Le tocó muy frecuentemente este verano hacerse cargo del Ejecutivo por los viajes del gobernador, ¿Sapag negocia gestiona en Buenos Aires y usted lleva la parte local?

–No, creo que Sapag nunca dejó de manejar el Ejecutivo como corresponde. Yo lo reemplazo en los momentos que no está. Se sumaron dos cosas en esta oportunidad una pequeña intervención que tuvo el gobernador y unas vacaciones que hicieron que enero se notara más mi presencia. Compartimos el mismo proyecto y, por supuesto, él tiene habilidades muy especiales como negociador con el gobierno nacional y eso requiere en momentos como este, que se discuten temas tan importantes para el futuro de la provincia como el destino de los hidrocarburos, que el gobernador esté en Buenos Aires más tiempo.

–Con respecto a la política hidrocarburífera, el gobierno provincial ha recibido críticas de sectores oficialistas a nivel nacional.

–Es injusta la acusación. Si alguien ha hecho algo por el aprovechamiento de los hidrocarburos ha sido la provincia de Neuquén y el gobernador Sapag. Todos saben que quien introdujo el concepto de shale oil, shale gas, fue el gobernador. Muchas veces nadie escuchaba ni creía en los reservorios de esta provincia y estos yacimientos no convencionales son unos de los más grandes del mundo. Cuando iniciamos la gestión había un proyecto claro por recuperar la inversión petrolera porque los pozos venían declinando por su antigüedad, hace más de 10 años. Sobre esa política él empezó, primero con la renegociación de los contratos petroleros, prorrogando el períodos de vencimiento de los contratos porque si no se iban a dedicar a extraer lo que quedaba sin invertir más

¿A usted le parece que el gobierno nacional descubrió ahora el tema de la falta de producción o que se había dejado estar?

–Parece que las políticas son de varios años.
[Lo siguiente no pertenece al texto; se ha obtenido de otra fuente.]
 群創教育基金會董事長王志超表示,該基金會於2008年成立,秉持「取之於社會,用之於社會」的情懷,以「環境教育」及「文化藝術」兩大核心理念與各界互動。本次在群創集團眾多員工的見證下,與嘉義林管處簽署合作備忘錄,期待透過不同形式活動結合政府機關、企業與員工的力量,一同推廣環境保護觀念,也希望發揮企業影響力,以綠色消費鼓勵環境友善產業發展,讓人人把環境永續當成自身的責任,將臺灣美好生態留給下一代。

Hace tiempo que nosotros veníamos alertando de la necesidad de invertir y de mejorar el valor del gas en boca de pozo porque si a uno se lo pagan en el país a dos y si lo traen pagan siete. Las compañías son las mismas en el mundo, ¿quién va a proveer de gas en la Argentina?

Detrás de este cambio, ¿está un intento de estatizar o nacionalizar YPF?
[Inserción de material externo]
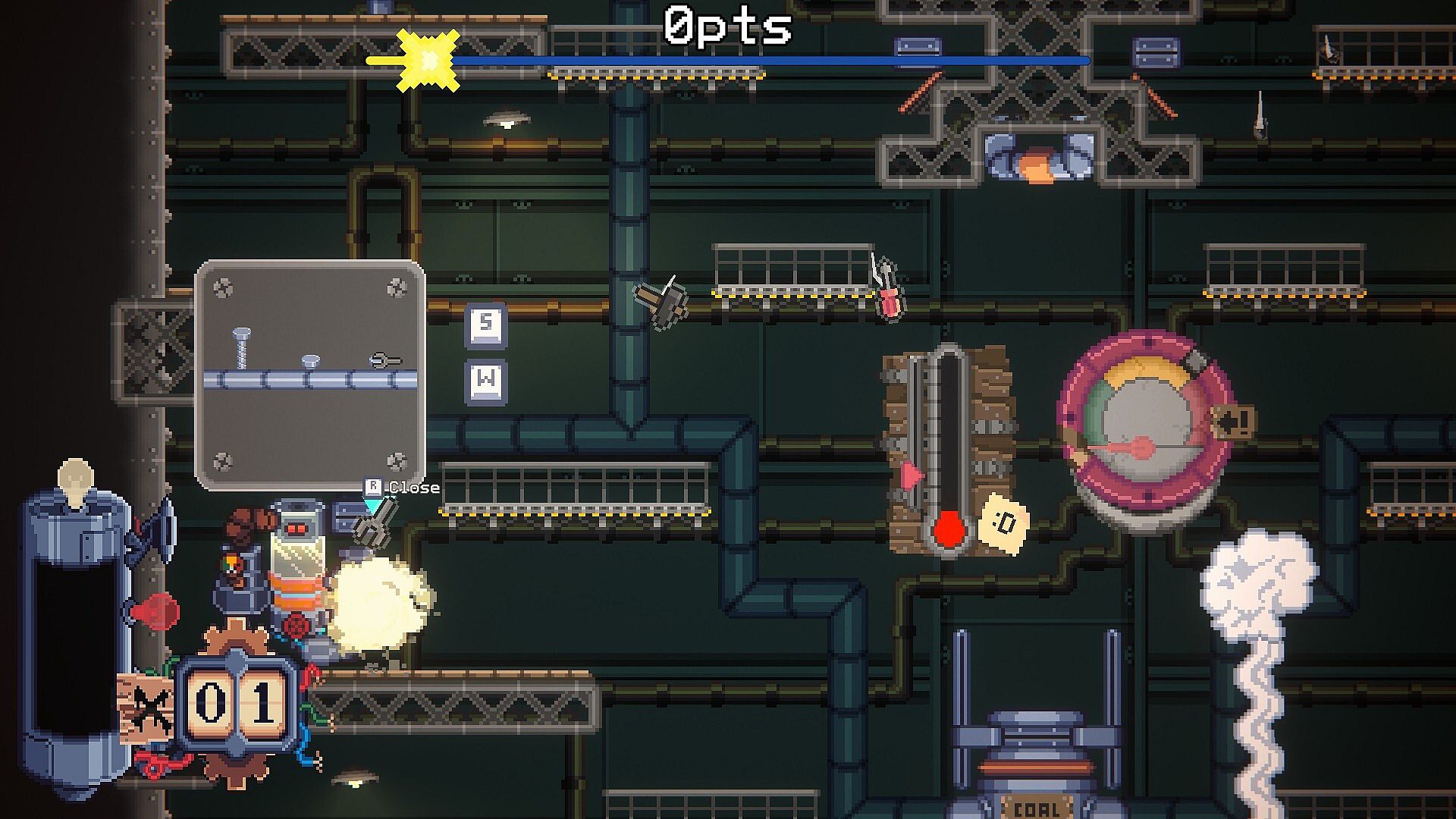 • Manage heat and pressure: as the heat rises, machines break down faster. Points increase, but so do mistakes! Pressure creates environmental hazards that can only be handled through valves — but be careful: lowering pressure also reduces heat.

–No me atrevería a decirlo, porque en realidad creo que los asesores de la presidenta y la presidenta han mantenido muy herméticamente sus decisiones, lo que nosotros hemos puesto un límite es a la dirección local. Diciendo claramente que el límite es la agresión a nuestro líder, a nuestro gobernador que fue elegido por la sociedad con total representatividad. La política nacional seguirá siendo discutida con la Ofephi, en el Congreso cuando corresponda

–¿Se puede aumentar la producción de los hidrocarburos sin estatizar?

–Si, yo creo que se puede hacer sin estatizar, pero hay que apostar a más. Hay que proveer una confiabilidad en las empresas. Hay muchos otros lugares en el mundo donde se puede invertir y los capitales no son demasiados riesgosos. El que tiene el capital no quiere arriesgarlo sin cierta seguridad.